Now there is the chance he'll give something away under torture. He knows that he is stronger than that, and he is right. The next day, he gives nothing away, only laughs until all he can do is scream from the pain. When they finally execute him, he is thankful. He smiles.

He wonders if he'll meet the officer again in hell.

Mukuro thinks that it will take some time before Hibari hates him that much. But then, who knew - maybe karma will lead him to die by Hibari's hand. Bitten to death, and certainly not out of love.

He laughs and strolls through Hibari's Kyoya's dreams.

Hibari will remember a very odd one the next morning.

***

For the Vongola and for his own goals, he sinks deep undercover, walking the halls of the Millefiore base in the body of a young man. He watches the man called Byakuran, watches the way he lives, and in a strange way he admires it. Mostly, however, he finds Byakuran both dangerous and irritating. Byakuran's gaze makes his skin crawl sometimes, though it's second nature to smile and act servile.

One day he's watching Byakuran eat marshmallows, one after another, and he is unable to keep himself from remembering for the last time - though for once, he tries.

It begins as one of the calmest memories he has. He is a woman again. She is a smart child, born to parents who love her, and she grows up fast and learns even faster. It's difficult for people to get close to her, but nevertheless she is admired - beautiful and smart, never needy. She has few friends and few enemies. Her life is easy, unmarked by strife.

When she becomes an adult, she lives life as an independent woman, a choice that her generation pioneers. She goes to college and lives with roommates, has a lover here and there. She floats through life.

One day she fights with her roommate over something trivial. She talks a walk to calm down, she knows that she is too cruel when angry and she doesn't want to say something that can't be taken back. She walks for a long time, thinking, and when it begins to rain she realizes she's far from home.

She is walking back through the rain when a car stops next to her. She knows the man inside, he is a friend of her father's - he's often come to parties and dinners, and he's always been kind to her. He offers her a ride, and she gladly accepts.

He looks worried once she's inside the car, shivering and wet. He tells her his home is nearby, and she can warm up there if she'd like. Not ready to return to her apartment, she agrees. He takes her to his house, brings her inside. It's warm and dry. He lives alone, but she doesn't worry. She doesn't think to worry. She's always been able to take care of herself.

He makes her cocoa, and although it's a weak blend, with more marshmallows than liquid, she drinks it to be polite. It tastes a little bitter, but the sickening sweetness of the marshmallows masks it enough to drink.

They talk, about school and family and nothing at all. He's friendly and funny, like he's always been, but his smile doesn't quite reach his eyes. She realizes she's never been alone with him before. Her body feels heavy.

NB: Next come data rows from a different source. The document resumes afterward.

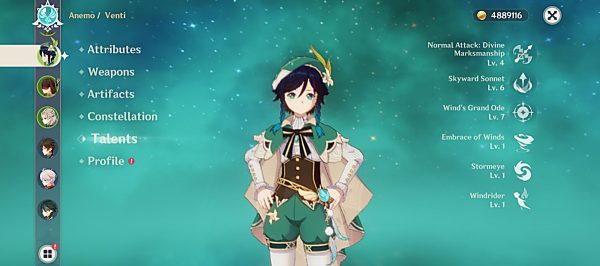 Character ascension is an essential element of building a character. In a Venti Genshin Impact build, talents and skills will unlock at certain ascension phases. Maxing out a character unlocks all the character’s talents and increases their level cap.
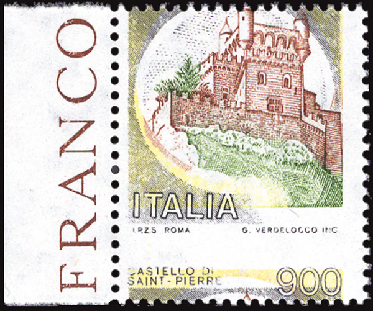 MNH - Vollgummi - - Castelli Lire 900 Nr. 1526 horizontale Verzahnung stark verschoben, so dass der Name des Schlosses und der Wert unten statt oben sind - Ungewöhnlich Cod.745/182
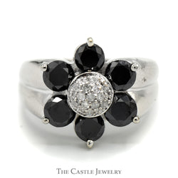 2.5cttw Black and White Diamond Flower Cluster Ring in 10k White Gold
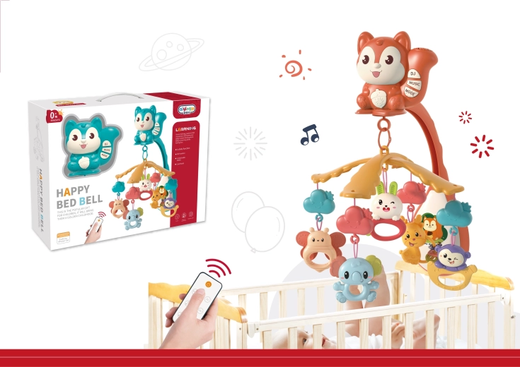 Das Bett-Mobile mit dem niedlichen Eichhörnchen verbindet visuelle Stimulation mit wohltuender Beruhigung. Dank des Projektors werden sanfte Lichtmuster projiziert, die Entspannung und Schlaf fördern. Fünf hängende Anhänger (Rasseln/Beißringe) bieten verschiedene Texturen und Geräusche zur Förderung der Feinmotorik und der Sinneswahrnehmung.
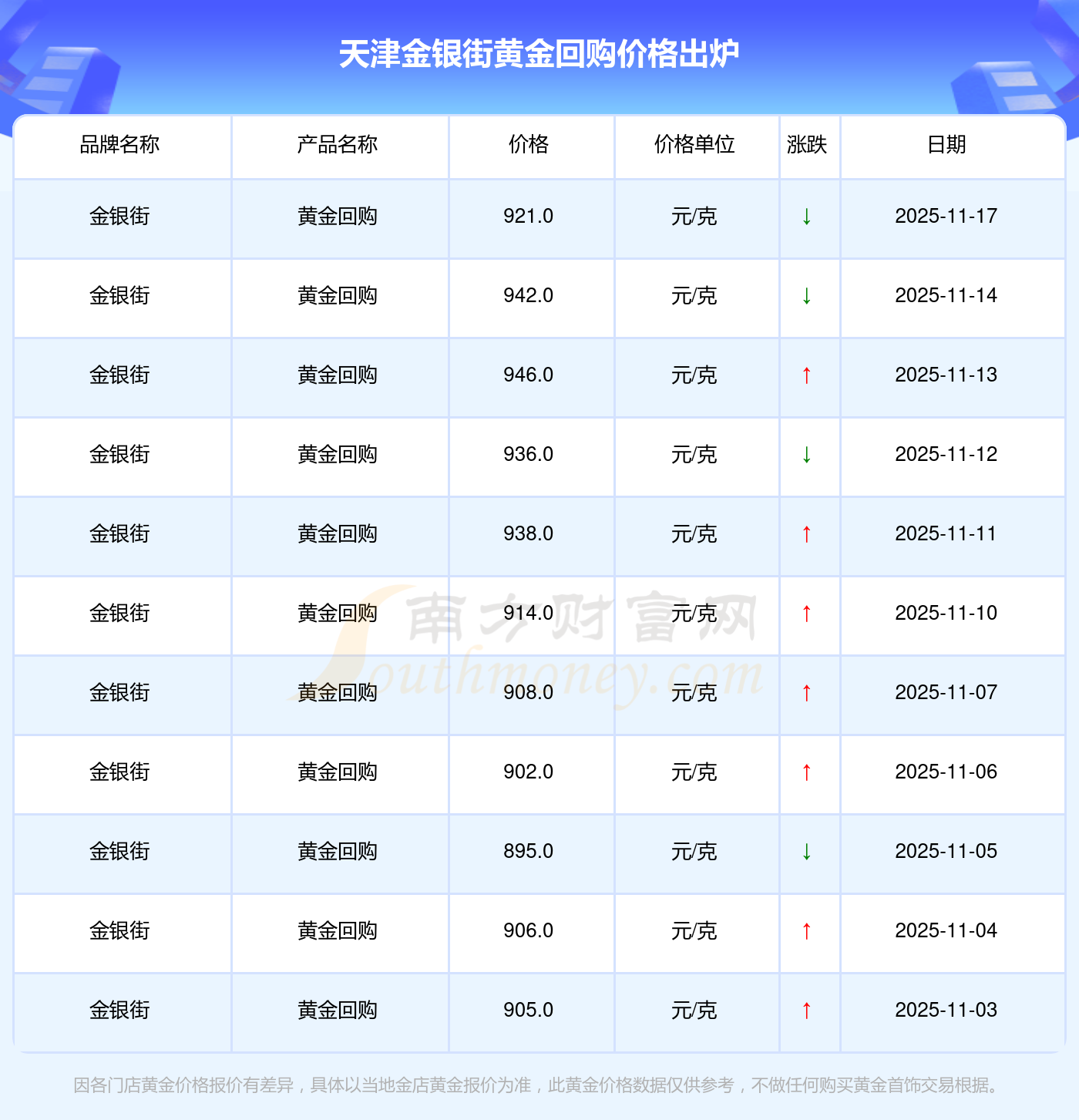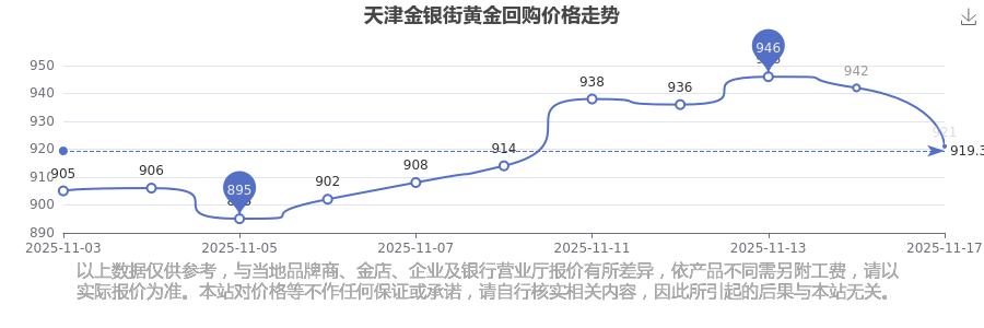 今日(2025年11月17日)天津金银街黄金回购价格:921.0元/克。

The rain lets up, but he doesn't take her home. Instead, he holds her down on his hardwood floor and rapes her, whispering things in her ear like a real lover would. 'I've wanted to do this for so long' and 'Aren't I lucky to see you today' and 'You like it'.

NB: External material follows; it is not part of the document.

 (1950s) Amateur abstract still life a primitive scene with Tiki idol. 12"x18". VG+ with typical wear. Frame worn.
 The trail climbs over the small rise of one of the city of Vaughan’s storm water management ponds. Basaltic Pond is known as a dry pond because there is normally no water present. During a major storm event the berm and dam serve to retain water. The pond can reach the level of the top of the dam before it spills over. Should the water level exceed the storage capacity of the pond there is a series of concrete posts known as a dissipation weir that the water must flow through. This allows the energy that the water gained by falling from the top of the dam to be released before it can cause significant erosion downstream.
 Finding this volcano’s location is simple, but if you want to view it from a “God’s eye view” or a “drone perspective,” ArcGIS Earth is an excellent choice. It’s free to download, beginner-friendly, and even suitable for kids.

She can hardly move, can't fight, though she tries harder than she's ever tried to do anything. She hates him so much that she can barely see, barely breathe. That hate doesn't even change to fear when he wraps his hands around her throat. She tries to scream, spit in his face, but she can't get any air. She tries to fight the drug coursing through her body, making the world hazy and her limbs weak, but the most she can do is scratch ineffectually at his hands. She wishes their positions were reversed so she could kill him slowly, make him beg for death, she hates him that much.

The last thing she sees before the world goes dark is his smile, smug and satisfied. The last thing she feels is hatred at this man and at her own weakness.

Mukuro shakes the memory off and brings Byakuran a new report. He knows this man's smile is the same as the one he remembers, the one he still hates. He thinks to himself: I will not allow this creature to be the end of me. Then he smiles, and walks away.